After Solon left office (probably by 590), legend says he went abroad for at least ten years, uncertain that his reforms would survive. It was certainly not obvious that he would have a lasting legacy. His insistence on the primacy of the law was, after all, a direct challenge to the concept of tyranny where an individual acted

Above the law. Yet Solon had shown that an abstract principle instituted by human beings could bring harmony. It was a remarkable achievement to be able to conceptualize a ‘just’ community and find a measured way of achieving it. This is the birthplace of the liberal tradition.

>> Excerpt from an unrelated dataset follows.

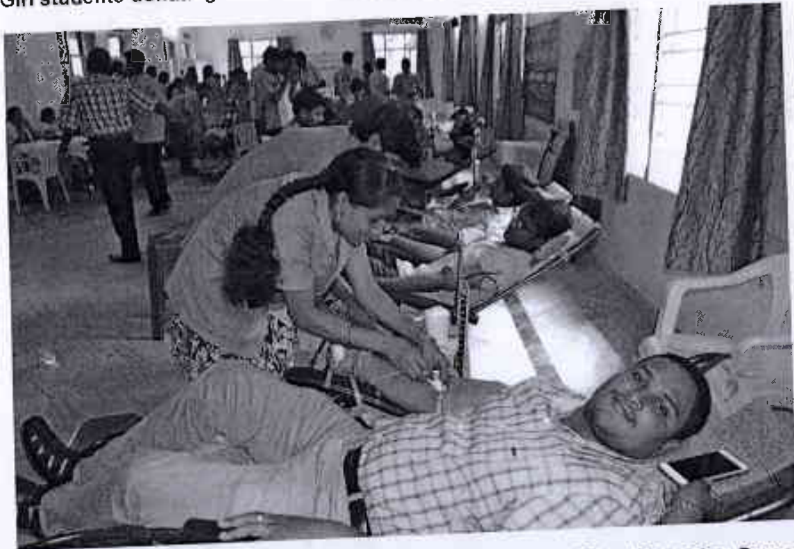
Volunteers and students donating blood during the Mega Blood Donation Camp.

At first, however, it appeared he was right to be uncertain. Athenian politics entered a confused period of struggles between different aristocratic factions. In some years conflict was so intense that no archons could be appointed. (The word anarchia, hence the English ‘anarchy, was used to describe the result.) The factions were based on local allegiances and are recorded as parties of ‘the Plain’ or ‘the Coast’. It was into this debilitating struggle that a tyrant, Peisistratus, forced his way. His rise to power was a chequered one. Over fifteen years after 560 he alternated between control of the city and exile. It was only in 546 that he was secure, living to hand on the tyranny to his sons, Hippias and Hipparchus, in 528.